Bilmes was also the director of a limited company called Bilmes Organisation Limited, also known as BORG. All employees of the firm received remuneration through BORG.

The SRA investigated Bilmes in 2015, finding breaches of accounts rules stating that client money must be separated from the firm’s money. A shortage of just over £67,000 was found and the SRA gave Bilmes a written rebuke.

Daniel O’Donoghue, prosecuting, told the court the employees who raised concerns with the SRA found the firm was run in a ‘chaotic manner’ and that Bilmes ‘completed no legal work and seemed more concerned with [his] clothing brand Swallows and Daggers’.

He added: ‘The defendant was in complete and total control of the firm’s finances. He was the compliance officer. Only the defendant had access to the bank account.’ Concerns were raised by an employee and when she asked Bilmes for ‘statements, invoices, files or historical accounts…he said: “it is all Greek to me”’.

Eventually the employee was granted access to the account on a read-only basis. She discovered funds would be transferred from the client account into the firm’s office account to the BORG account and all salaries paid from the BORG account.

O’Donoghue added: ‘Within the first few postings it was clear the accounts of almost all the 350 to 400 clients on the books were overdrawn…it meant the money had been spent. It was a fixed fee business…there was no reason for the clients to be overdrawn.

‘He would on most days transfer between £5,000 to £10,000 from the client account to the office account to the BORG account. It covered the defendant's high personal expenditure and was used to fund his other businesses.’

The court was told transfers were made ‘to pay rent in a warehouse…used to hold stock for Swallow and Dagger, trade fairs abroad and [he] would use the BORG account to pay for flights and accommodation’.

One of the people affected by Bilmes' fraud was advised by him to apply for a loan of £45,000 from the litigation finance provider Novitas to help fund her case over a disputed property. Reading from Hanneke Koekkoek’s witness statement, O’Donoghue said: 'I have endured nearly a decade of utter despair and grief and anxiety and for what? The answer is your greed. Such was the extent of your greed that you withheld vital information, misguided my case all to the detriment of our case and the benefit of yourself. The consequences of your greed and dishonesty will stay with us for the rest of our lives.

‘I took it for granted I could put my trust in you. You betrayed that trust in ways I could not imagine. You do not have the right to ever refer to yourself as a solicitor because you never really were one.
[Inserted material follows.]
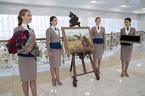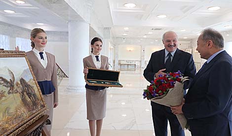The meeting was prompted by Kurmanbek Bakiyev’s 70th birthday, which he marked several days ago. In the Palace of Independence Aleksandr Lukashenko congratulated Kurmanbek Bakiyev and presented symbolic gifts. The picture Nomads Hunt With a Golden Eagle combines national peculiarities and ethnic zest of the Kyrgyz people. The golden eagle is a special symbol in the world view of the nomads. Kurmanbek Bakiyev was also gifted a dirk and a bouquet of Belarusian flowers.

You are a thief.’

Sean Hammond, defending, told the court at the previous hearing: ‘By the time the firm closed down, in addition to £1.7m owed to the client account, there had been no payment to HMRC in relation to VAT, PI, and rent on the premises had not been paid. Significant loans had been taken out by the company most of which were guaranteed personally by Mr Bilmes. [There were] debts in the region of £3.5m which includes £1.7m in this case. He was seeking to defer the inevitable and the inevitable came crashing down.’

Sentencing Bilmes, Brock said: ‘In my opinion the offending is so serious an immediate term of imprisonment is appropriate.’

He added: 'The SRA compensation scheme paid out 30 successful claims but only four victims are named in charges I am dealing with today. The figure in this case is £1,767,322 for the purpose of this sentencing.'

Bilmes was sentenced to 56 months' imprisonment in relation to charge five - the overarching charge - and to a year's imprisonment for each of the other six charges to run concurrently. 

A confiscation hearing will be held later this year.